Press Release

WASHINGTON (April 3, 2008) — Results from the 2007 NAEP writing assessment for grades 8 and 12, released today by the U.S. Department of Education, show some national improvements at both grade levels, particularly among our lowest-performing students. It appears that writing achievement improved for most students across racial, ethnic and socio-economic lines.

But while some states narrowed gaps between minority and white students and between low-income and more affluent students, the nation’s overall gap closing progress continues to be disappointing. That lack of progress tempers our reaction to these findings. It’s reason to focus on identifying what works to boost writing skills and ensure that it’s happening in the schools that are serving poor and minority young people.

Strong writing ability equips students with the communication and thinking skills required for college, the workplace and active citizenship. But too many of our young adults are ineffective writers. According to ACT, about one-third of all U.S. high school graduates are not prepared for college-level English composition class work. And that same lack of preparation is evident in the workplace – more than 70 percent of human resources professionals report that entry-level high school graduates are deficient in basic writing skills, and over 80 percent have difficulty writing clear memos, letters and reports.

So it’s heartening to see that the average achievement among 12th graders in writing has improved. However, the majority of all students still perform at the Basic level, and gaps between white students and their Latino and African-American peers have not budged.

“Education and business leaders have been sounding the alarm that our high schools are not preparing students well enough for the challenges of college and careers. The gains in 12th-grade writing may be an early sign that educators are responding to that alarm,” said Kati Haycock, President of The Education Trust.

At eighth grade, the average score for the nation overall as well as for all subgroups increased.
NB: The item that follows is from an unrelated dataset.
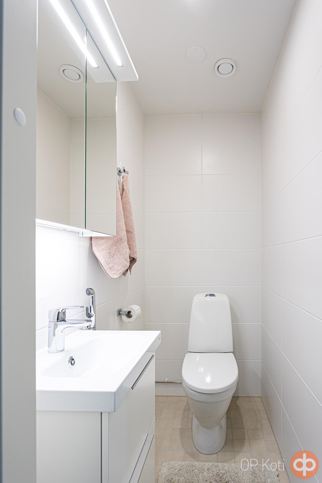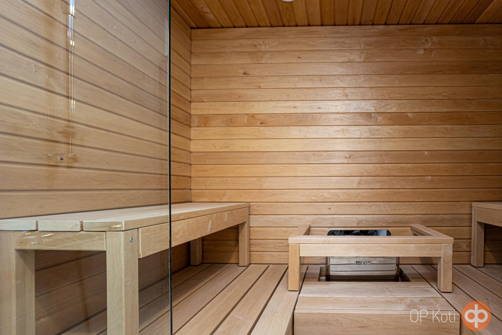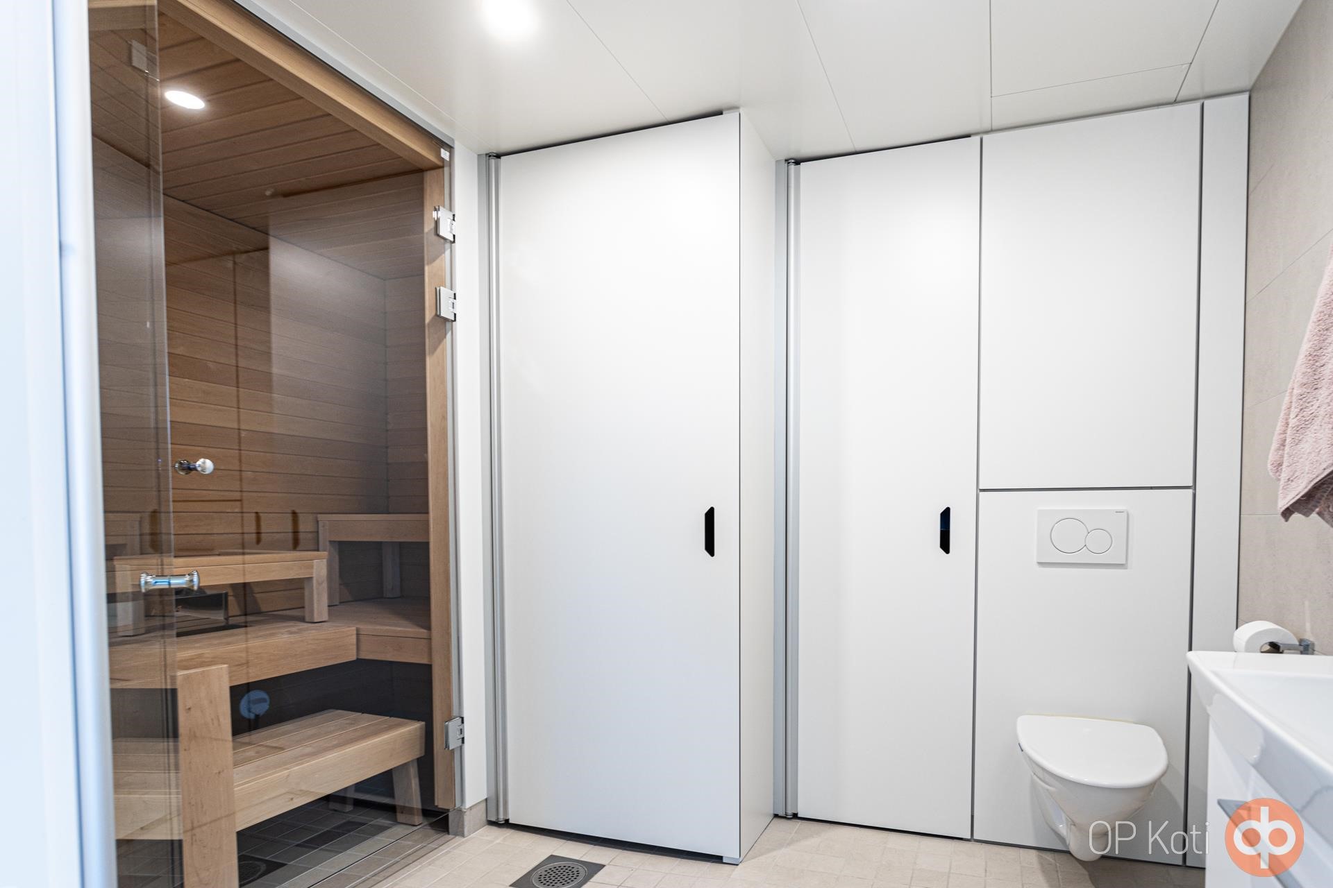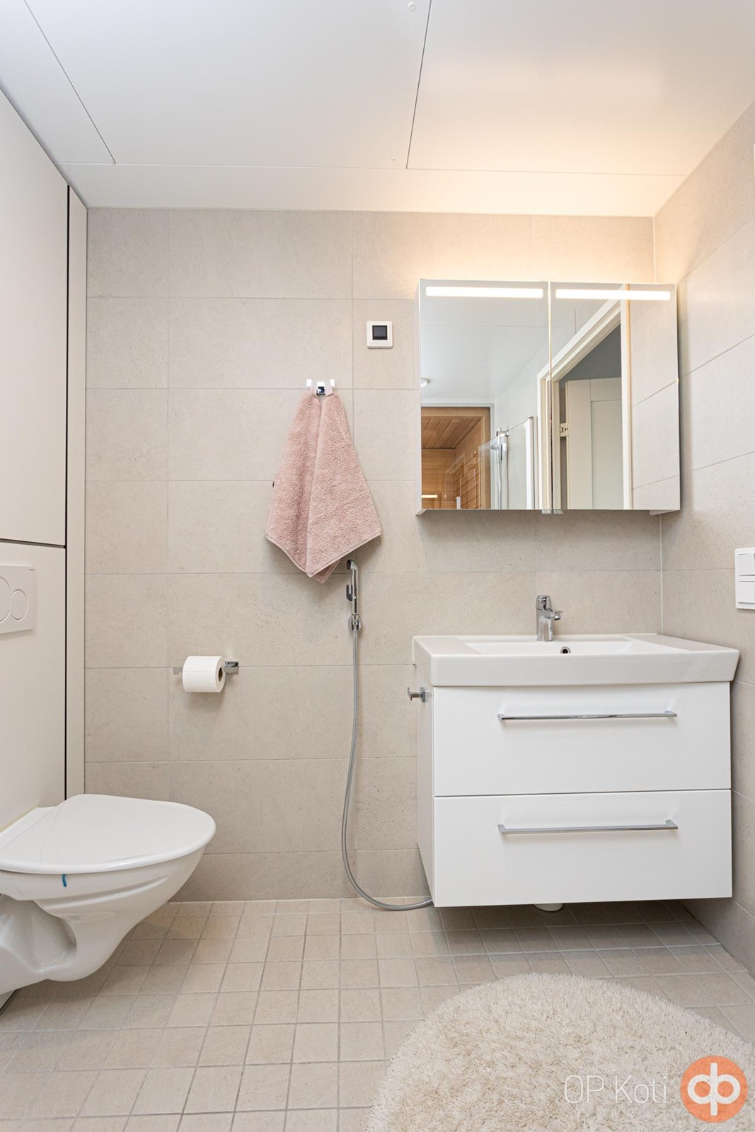 - Sauna, sähkökiuas, erillinen wc, suihku, suihkuseinä, peilikaappi, kaapit, allaskaappi, pesukoneliitäntä, lattialämmitys, kiinteät valaisimet.

In addition, every subgroup posted achievement-level growth – with more students in each group moving up from below Basic to Basic and from Basic to Proficient.

Among the standouts at the state level in eighth-grade writing:

  • In 2007, New Jersey had the highest scale score overall and for African-American, Latino and low-income students. However, their African-American-White, Latino-White and poor-non-poor achievement gaps remained among the largest in the U.S.
  • Since 1998, scores increased by at least 15 points for:
    • Latinos in Massachusetts, New York, Washington and Wyoming;
    • African-American students in Arizona, Arkansas, Delaware, Florida, Louisiana, Minnesota, Missouri and Washington;
    • and low-income students in Arkansas, California, Delaware, Florida, Massachusetts and Washington.
  • Nine states – Arkansas, Georgia, Kentucky, Louisiana, Minnesota, Mississippi, Missouri, South Carolina and Washington – narrowed their gaps and recorded steady growth among each of their student subgroups since 1998.

“While the increases are good, they are nowhere near good enough. We need to focus on accelerating those gains – especially for low-income and minority students,” said Haycock. “In a world that gets smaller, more competitive and more diverse every day, Basic just doesn’t cut it. It doesn’t get kids where they need to go, and it doesn’t get our country where we need go. We’ve got to identify the success stories, study them and replicate what works if we hope to get our kids and our nation on the path to greater success.”

Like the results from the 2007 NAEP math assessment, Arkansas’ improvement on the 2007 NAEP writing assessment was among the biggest in the nation. Since 1998, they slashed by nearly one-half the number of African-American and low-income eighth graders that rated below Basic.

In recent years, the state has focused on ratcheting up expectations across the board – not just in writing – by emphasizing instruction across subject areas and linking assessments and instruction to state standards. State targets are set with high expectations and standards are reviewed regularly to ensure appropriate rigor, beginning as early as kindergarten. And as the expectations bar is raised in Arkansas, so too are the minimum scores required for proficiency on the state’s annual assessments. The result: All groups of students are showing increases in achievement, and gaps are narrowing on both state and NAEP exams.

“States like Arkansas are embracing the challenge, but they know that there is still a lot more work that must be done to not just narrow, but eliminate the gaps that have plagued our schools for generations. But by implementing a formula of what we know works for all kids – rich curriculum; high standards; strong, focused instruction; and rigorous assessments – they are proving that change is possible when educators and policymakers work together aggressively to make sure that all students are well prepared for the future, especially the ones who are the farthest behind.”